Il est un peu plus de 16 heures quand vient alors le temps du dessert, sous forme de bouquet final. La campagne pour les régionales. « Nous sommes prêts à gouverner » lance fièrement Marine Le Pen. Elle ajoute : « Il existe en France une majorité silencieuse qui pense qu’une autre politique est possible et souhaitable (…) Ce pouvoir tient debout parce que le peuple ne dit rien. Sans l’assurance de la majorité il n’a plus de pouvoir. Le jour où la majorité reprendra la parole approche, nous serons à ses côtés. Avec cette université d’été, une page se tourne. Car le monde change (…) Ce monde où il ne s’agit plus de faire vivre notre identité mais de la défendre, délitée par l’idéologie mondialiste et multi culturaliste, ce monde où le bonheur des peuples se mesure aujourd’hui à la structure de leur consommation. Nousdevons anticiper ces bouleversements ! ».
Puis la Marseillaise retentit. Le week-end du FN avait commencé dans la cacophonie des différentes salves entre père et fille. Dimanche après-midi, la fille semble avoir eu le dernier mot, jusqu’au prochain épisode de la saga familiale.

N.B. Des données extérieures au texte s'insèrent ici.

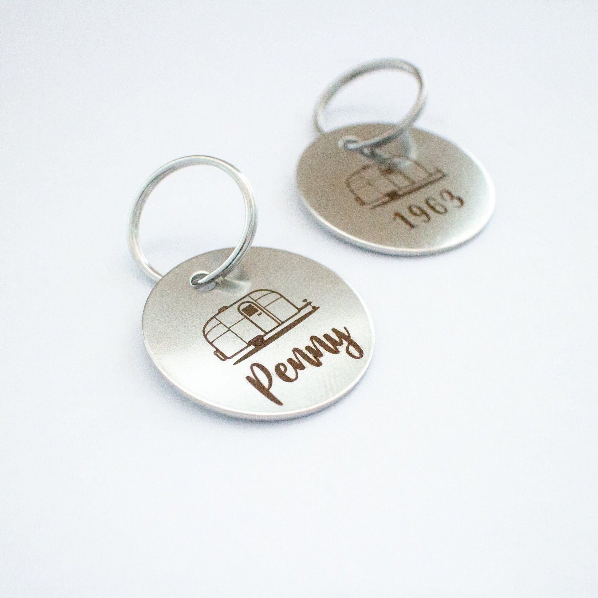 This design is based on a vintage Airstream caravan trailer. This vintage style key tag can be customised with the name of your airstream or your name. Why stop there? Put whatever name you want on it!

Jean-Marie Le Pen : l’absent omniprésent
Jusqu’au dernier moment, le fondateur du Front National, exclu de son parti aura préservé le suspens. Chronique d’un début d’après-midi où Jean-Marie attendu par certains, redoutés par d’autres a brillé par son absence. En arrivant au Parc Chanot dimanche, sous un franc soleil, il suffisait de quelques secondes pour que l’on parle de lui. Lui, Jean-Marie Le Pen. Sa présence ou non lors du dernier jour de l’université d’été du Front National était sur toutes les lèvres. Elus, journalistes et militants avaient leur avis sur la question.
Jean et tee-shirt noir
Philippe, la quarantaine déambule devant le hall où doit se tenir le discours de Marine. Il lance à une équipe de journaliste : « Avec ma femme nous étions au repas qu’organisait Jean-Marie hier. C’est certain il sera là, vers 14h… peut être 14h30. Juste avant le discours de Marine en tout cas ». En ce qui concerne la question de la sécurité en cas de présence de celui que personne ne désire parmi les dirigeants actuels du FN, Philippe est tout aussi bien renseigné : « Je ferai partie de son équipe. Si le service d’ordre en place ici nous laisse entrer tout ira bien. Sinon, on se chargera physiquement de permettre Jean-Marie Le Pen d’entrer dans la salle ». L’avertissement est lancé.
Le temps passe et la rumeur d’un « coup » de Jean-Marie Le Pen s’affaibli soudain. Peu avant 14 heures 30, l’info se répand, Jean Marie Le Pen a fait savoir à certains journalistes qu’il ne jugeait pas bon de venir. Après avoir résidé au Sofitel Palm Beach, sur la Corniche, un avion l’attend sur le tarmac de Marignane. Au même moment, Marine Le Pen débute son discours, soulagée, certainement.